[Approx. 12 minutes reading time]
The PCI Compliance landscape is evolving rapidly.
New technologies, new regulations, and compliance requirements are constantly emerging.
This means that organizations need to be able to address changes in the environment while adhering to existing rules and regulations.
This blog post will cover some of the major changes for 2022 including:
- The release of the new version 3.2 of Payment Card Industry Data Security Standard (PCI DSS).
- Changes to TLS/SSL encryption protocols
But, before we get too ahead of ourselves, let’s make sure everyone reading this article is on the same page, and understands the core fundamentals of PCI Compliance as well.
(Hint: Use the links below to skip ahead to the most relevant section for your needs)
- What is PCI Compliance?
- Which companies are required to be PCI DSS compliant?
- How do you maintain PCI compliance?
- What are the penalties for not maintaining PCI compliance?
- What are the 12 requirements of PCI DSS Compliance?
- Build and maintain a secure network
- Do not use vendor-supplied defaults for system passwords and other security parameters.
- Protect stored credit card and cardholder data
- Encrypt transmission of credit card and cardholder data across open, public networks.
- Use and regularly update anti-virus software or programs.
- Develop and maintain secure systems and applications.
- Implement strong access control measures
- Assign a unique ID to each person with computer access.
- Restrict physical access to cardholder data.
- Track and monitor all access to network resources and cardholder data.
- Regularly test information security systems and processes.
- Provide staff training on the importance of data protection.
- How much does it cost to become PCI compliant?
- We use a third-party processor. Do we need to be PCI DSS compliant?
- What’s new in Version 3.2 of PCI DSS?
- Changes to TLS/SSL encryption protocols for 2022
1. What is PCI Compliance?
PCI compliance refers to maintaining data security standards, under the requirements as set out by the Payment Card Industry Data Security Standards (PCI DSS) for any companies that process, store, or transmit credit card information.
Due to the privacy and fraud implications of having this sensitive cardholder data, these PCI DSS compliance standards are developed by an independent body but are enforced by the payment card industry itself.
If you deal with any sort of payment cardholder in your organization, PCI DSS compliance management should be a key focus for your compliance team.

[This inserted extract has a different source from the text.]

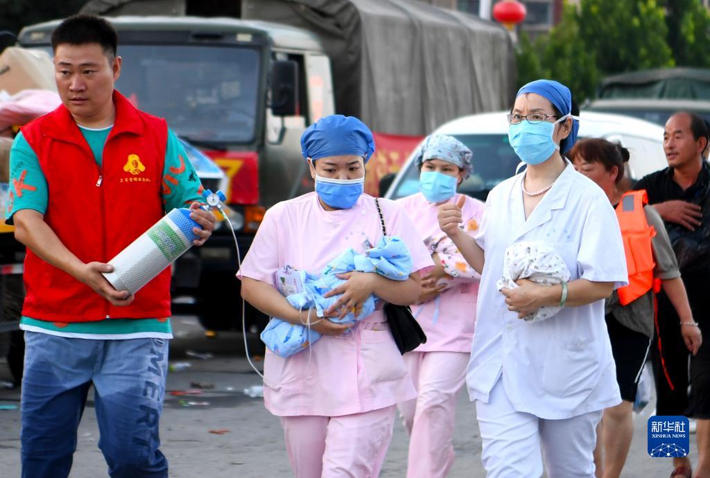 2021年7月26日,在被洪水圍困的河南省衛輝市新鄉醫學院第一附屬醫院附近,醫護人員抱著新生兒跑向救護車。

Everything from your network resources, firewall configuration, access control system, wireless access points, and more play a role in maintaining PCI compliance.
The requirements are set out by the PCI Security Standards Council (PCI SSC) and are continually being revised in line with changes in the cardholder data environment as industry data security standards shift.
2. Which companies are required to be PCI compliant?
Any organization that accepts, transmits, or stores credit card information is required to be PCI DSS compliant.
It doesn’t matter how many payment transactions you process, what size the transaction is, or anything else.
PCI doesn’t just apply to traditional financial institutions. This is a blanket approach.
This is because the PCI Council wants to promote industry data security standards that protect credit card data at every step of the value chain.
Consumers demand this sort of data security, and it only works if the entire industry pulls in the same direction.
3. How do you maintain PCI compliance?
Maintaining PCI compliance is a continual process that relies on effective internal systems and processes – in line with the 12 PCI DSS requirements.
The first step to achieve PCI compliance is to do an audit of your current workflows and identify any PCI compliance areas where you are lacking – so you can rectify them.
These guidelines can vary depending on your company’s credit card transaction volume, so be sure to check where you stand according to the PCI council guidelines.
On a regular basis, you then should be looking to continually monitor how you are managing these guidelines operationally, and keep up with new developments as they arise.
This should be codified into some form of vulnerability management program which tests the security controls and measures your internal systems against PCI security standards and more general data security standards.
A good way to make this work is to use a self-assessment questionnaire to perform this introspection.
If you’re looking for enhanced accountability, you also can hire the services of a professional firm that:
- Understands the PCI data security standard
- Can improve network security and implement access control measures
- Can validate PCI compliance, and
- Provide recommendations as to what might need to be improved.
4. What are the penalties for not maintaining PCI compliance?
The fines themselves are not published or reported, so it’s difficult to give an accurate answer here.
Some estimates say that penalties vary from $5,000 to $100,000 per month until compliance is validated again, but this doesn’t tell the whole picture.
You’ll often find that on top of the official penalties, non-compliant companies will also face lawsuits, federal investigations, and a number of other financial complications.
Short story, the penalties are severe.
So, it’s imperative that you regularly test security systems and make sure they’re meet the PCI DSS requirements.
5. What are the 12 requirements of PCI DSS Compliance?
These requirements are set out by the PCI SSC, and they range across both technical and operational guidelines that must be adhered to if you are to remain compliant.
We’ll go through each of the requirements in a summarized level of detail.
Build and maintain a secure network.
The PCI Council has stated that the network is now considered to be a component of the PCI DSS compliance.
PCI DSS also now specifies that a PCI compliant business must notify their acquiring bank of any breach to the network within 8 hours after becoming aware of said breach, as well as conducting a penetration test on the PCI compliant business’s POI at least once every 12 months.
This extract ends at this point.